In the CATI and CAPI nonresponse follow-up phases, efforts were made to minimize the chances that housing units that were not part of the sample were interviewed in place of units in sample by mistake. If a CATI interviewer called a mail nonresponse case and was not able to reach the exact address, no interview was conducted and the case was eligible for CAPI. During CAPI follow-up, the interviewer had to locate the exact address for each sample housing unit. If the interviewer could not locate the exact sample unit in a multi-unit structure, or found a different number of units than expected, the interviewers were instructed to list the units in the building and follow a specific procedure to select a replacement sample unit. Person overcoverage can occur when an individual is included as a member of a housing unit but does not meet ACS residency rules.
Coverage rates give a measure of undercoverage or overcoverage of persons or housing units in a given geographic area. Rates below 100 percent indicate undercoverage, while rates above 100 percent indicate overcoverage. Coverage rates are released concurrent with the release of estimates on American FactFinder in the B98 series of detailed tables. Further information about ACS coverage rates may be found at
.
- Nonresponse Error - Survey nonresponse is a well-known source of nonsampling error. There are two types of nonresponse error - unit nonresponse and item nonresponse. Nonresponse errors affect survey estimates to varying levels depending on amount of nonresponse and the extent to which nonrespondents differ from respondents on the characteristics measured by the survey. The exact amount of nonresponse error or bias on an estimate is almost never known. Therefore, survey researchers generally rely on proxy measures, such as the nonresponse rate, to indicate the potential for nonresponse error.
-Unit Nonresponse - Unit nonresponse is the failure to obtain data from housing units in the sample. Unit nonresponse may occur because households are unwilling or unable to participate, or because an interviewer is unable to make contact with a housing unit. Unit nonresponse is problematic when there are systematic or variable differences between interviewed and noninterviewed housing units on the characteristics measured by the survey. Nonresponse bias is introduced into an estimate when differences are systematic, while nonresponse error for an estimate evolves from variable differences between interviewed and noninterviewed households.

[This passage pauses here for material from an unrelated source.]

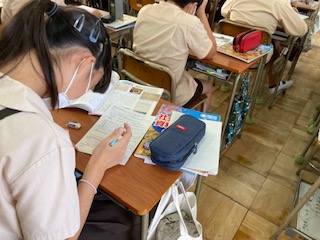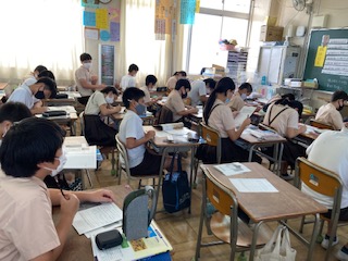 織田信長と豊臣秀吉の功績を調べ、どちらがより天下統一を進めたと思うか、資料からわかったことなどを根拠に、自分の考えを書いています。

The ACS makes every effort to minimize unit nonresponse, and thus, the potential for nonresponse error. First, the ACS used a combination of mail, CATI, and CAPI data collection modes to maximize response. The mail phase included a series of three to four mailings to encourage housing units to return the questionnaire. Subsequently, mail nonrespondents (for which phone numbers are available) were contacted by CATI for an interview. Finally, a subsample of the mail and telephone nonrespondents was contacted by a personal visit to attempt an interview. Combined, these three efforts resulted in a very high overall response rate for the ACS.
ACS response rates measure the percent of units with a completed interview. The higher the response rate, and consequently the lower the nonresponse rate, the less chance estimates may be affected by nonresponse bias. Response and nonresponse rates, as well as rates for specific types of nonresponse, are released concurrent with the release of estimates on American FactFinder in the B98 series of detailed tables. Further information about response and nonresponse rates may be found at
.
-Item Nonresponse - Nonresponse to particular questions on the survey questionnaire and instrument allows for the introduction of error or bias into the data, since the characteristics of the nonrespondents have not been observed and may differ from those reported by respondents. As a result, any imputation procedure using respondent data may not completely reflect this difference either at the elemental level (individual person or housing unit) or on average.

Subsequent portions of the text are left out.